● Aim of the task: Every record below should be copied exactly, with the pictures left out.

Dataset entries
□ □ □ □ □
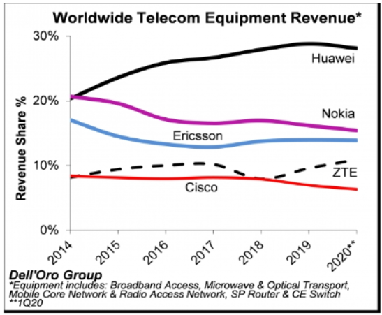 Dell'Oro是一家市場研究機構(gòu),多年跟蹤分析電信設(shè)備市場。最近,Dell'Oro發(fā)布了2020年一季度全球電信設(shè)備市場報告。
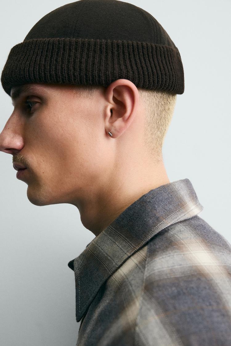 ZARA КОРОТКАЯ КОМБИНИРОВАННАЯ ФЛАНЕЛЕВАЯ ШАПКА, КОРИЧНЕВЫЙ
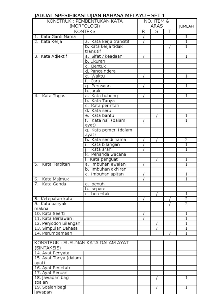 Contoh Jadual Spesifikasi Ujian Bahasa Melayu Tingkatan 5
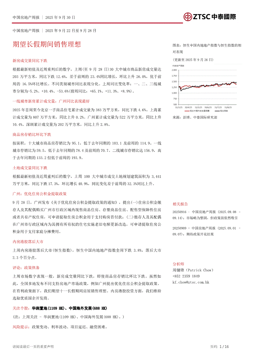 房地产行业:中泰国际-中国房地产行业周报:期望长假期间销售理想-250930
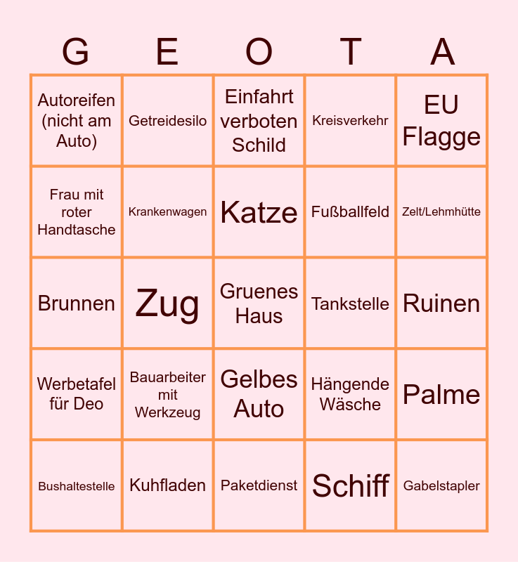 This bingo card has 86 words: Free!, Waschmaschine, Gelbes Auto, Rennende Frau, Stadtbus, Kaktus, Tunnel, Graffiti (nicht Schmiererei), Google Auto (Spiegelung), Bahnübergang, Kuh, Traktor, Palme, Ruinen, Denkmal/Statue, Katze, Burgerladen, Bauer mit Werkzeug, Friedhof, Wildes Tier (Kein Vogel), Ozean, Geldautomat, Brunnen, 5+ Fahrradfahrer, Schiff, Brücke, Hund, Briefkasten, Hydrant, Tempel/Kirche, Kuhfladen, Kran, Baufahrzeug, Bauarbeiter mit Werkzeug, Frau mit roter Handtasche, Dönerladen, Zelt/Lehmhütte, Polizeiauto, Feuerwehrauto, Zug, Garage, MC Donalds, Schnee (nicht Berg), Tankstelle, Straßenbahn, EU Flagge, Weißes Dach, Getreidesilo, Windrad, Schule, LKW mit Tank, Balkonblumen, Werbetafel für Deo, Abfalltonnen, Baugerüst, Rotes Motorrad, Wellblech Haus, Fußballfeld, Kreisverkehr, Krankenwagen, Autoreifen (nicht am Auto), eingeschlagene Fensterscheibe, Grill, Teich, toter Baum, Einfahrt verboten Schild, Park, Gruenes Haus, Gabelstapler, Tankstelle, Klimaanlage, Mensch mit Handy in der Hand, Bushaltestelle, Einkaufswagen, Spielplatz, Vogelhäusschen, Paketdienst, Zebrastreifen, Hochsitz, Taxi, Autohändler, Vogel, Schrein, Basketballplatz, Hängende Wäsche and Wasserturm.
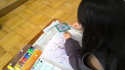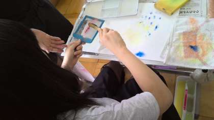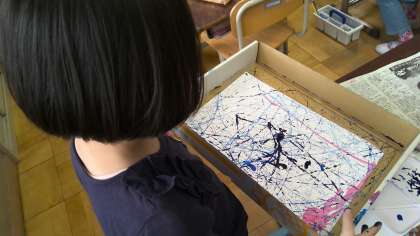 ビー玉を転がしたり、あみと歯ブラシを使ったり、画用紙を半分に折って対照的な模様をつくったりとできる模様を楽しみながら活動していました。
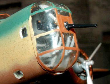 The nose glazing can also do with some better detailing as the kit offers, some of the supporting tubing is missing. However, on good pictures of the nose those tubings are very visible, and making them is really easy. Take the right length, and glue the parts inside the clear part on the right spots.
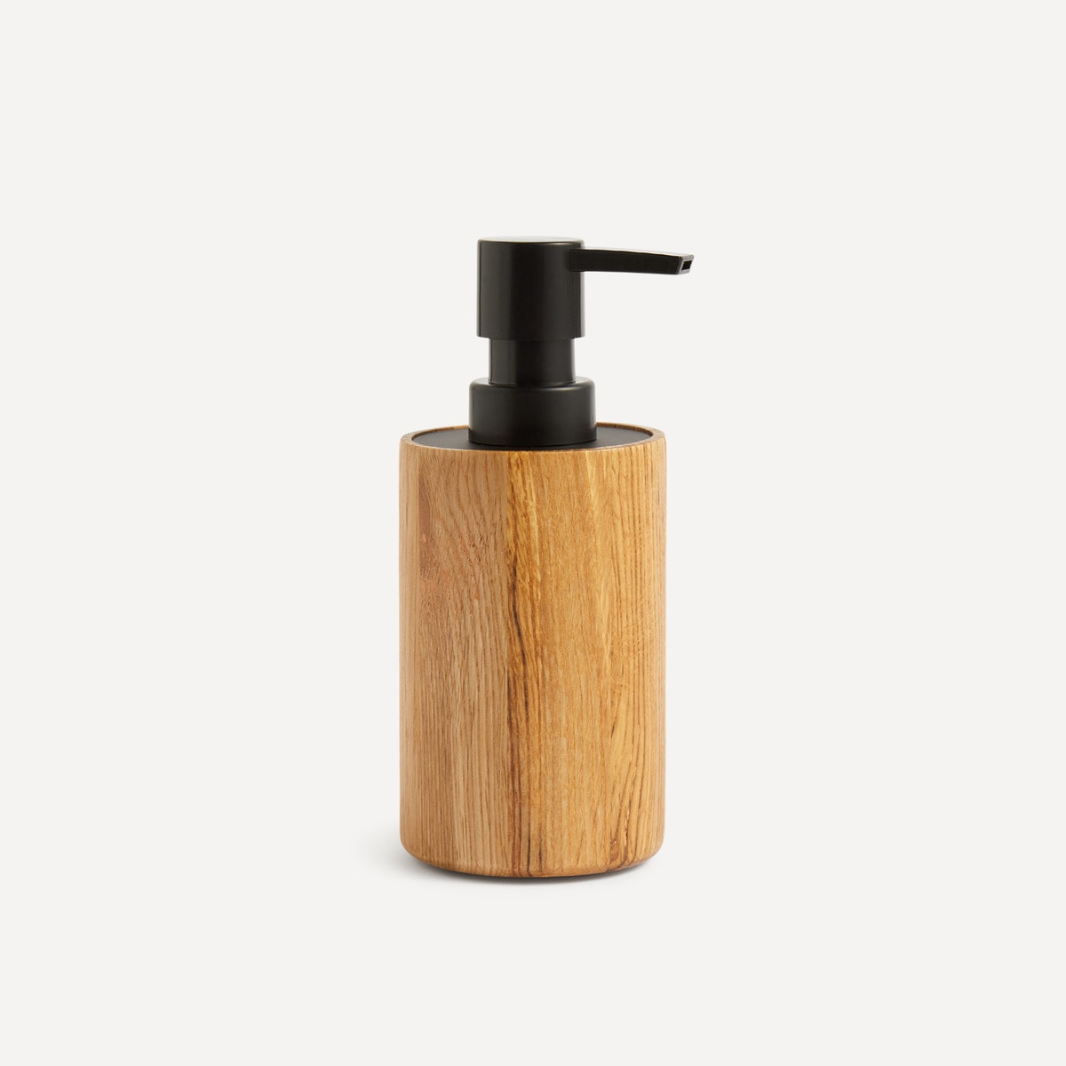 Dosificador de jabón para encimera realizado en madera de bambú y metal. El bambú es un material natural, hipoalergénico y antibacteriano, además de sostenible.
□ □ □ □ □
● Final answer:
 Dell'Oro是一家市場研究機構(gòu),多年跟蹤分析電信設(shè)備市場。最近,Dell'Oro發(fā)布了2020年一季度全球電信設(shè)備市場報告。
 ZARA КОРОТКАЯ КОМБИНИРОВАННАЯ ФЛАНЕЛЕВАЯ ШАПКА, КОРИЧНЕВЫЙ
 Contoh Jadual Spesifikasi Ujian Bahasa Melayu Tingkatan 5
 房地产行业:中泰国际-中国房地产行业周报:期望长假期间销售理想-250930
 This bingo card has 86 words: Free!, Waschmaschine, Gelbes Auto, Rennende Frau, Stadtbus, Kaktus, Tunnel, Graffiti (nicht Schmiererei), Google Auto (Spiegelung), Bahnübergang, Kuh, Traktor, Palme, Ruinen, Denkmal/Statue, Katze, Burgerladen, Bauer mit Werkzeug, Friedhof, Wildes Tier (Kein Vogel), Ozean, Geldautomat, Brunnen, 5+ Fahrradfahrer, Schiff, Brücke, Hund, Briefkasten, Hydrant, Tempel/Kirche, Kuhfladen, Kran, Baufahrzeug, Bauarbeiter mit Werkzeug, Frau mit roter Handtasche, Dönerladen, Zelt/Lehmhütte, Polizeiauto, Feuerwehrauto, Zug, Garage, MC Donalds, Schnee (nicht Berg), Tankstelle, Straßenbahn, EU Flagge, Weißes Dach, Getreidesilo, Windrad, Schule, LKW mit Tank, Balkonblumen, Werbetafel für Deo, Abfalltonnen, Baugerüst, Rotes Motorrad, Wellblech Haus, Fußballfeld, Kreisverkehr, Krankenwagen, Autoreifen (nicht am Auto), eingeschlagene Fensterscheibe, Grill, Teich, toter Baum, Einfahrt verboten Schild, Park, Gruenes Haus, Gabelstapler, Tankstelle, Klimaanlage, Mensch mit Handy in der Hand, Bushaltestelle, Einkaufswagen, Spielplatz, Vogelhäusschen, Paketdienst, Zebrastreifen, Hochsitz, Taxi, Autohändler, Vogel, Schrein, Basketballplatz, Hängende Wäsche and Wasserturm.
 ビー玉を転がしたり、あみと歯ブラシを使ったり、画用紙を半分に折って対照的な模様をつくったりとできる模様を楽しみながら活動していました。
 The nose glazing can also do with some better detailing as the kit offers, some of the supporting tubing is missing. However, on good pictures of the nose those tubings are very visible, and making them is really easy. Take the right length, and glue the parts inside the clear part on the right spots.
 Dosificador de jabón para encimera realizado en madera de bambú y metal. El bambú es un material natural, hipoalergénico y antibacteriano, además de sostenible.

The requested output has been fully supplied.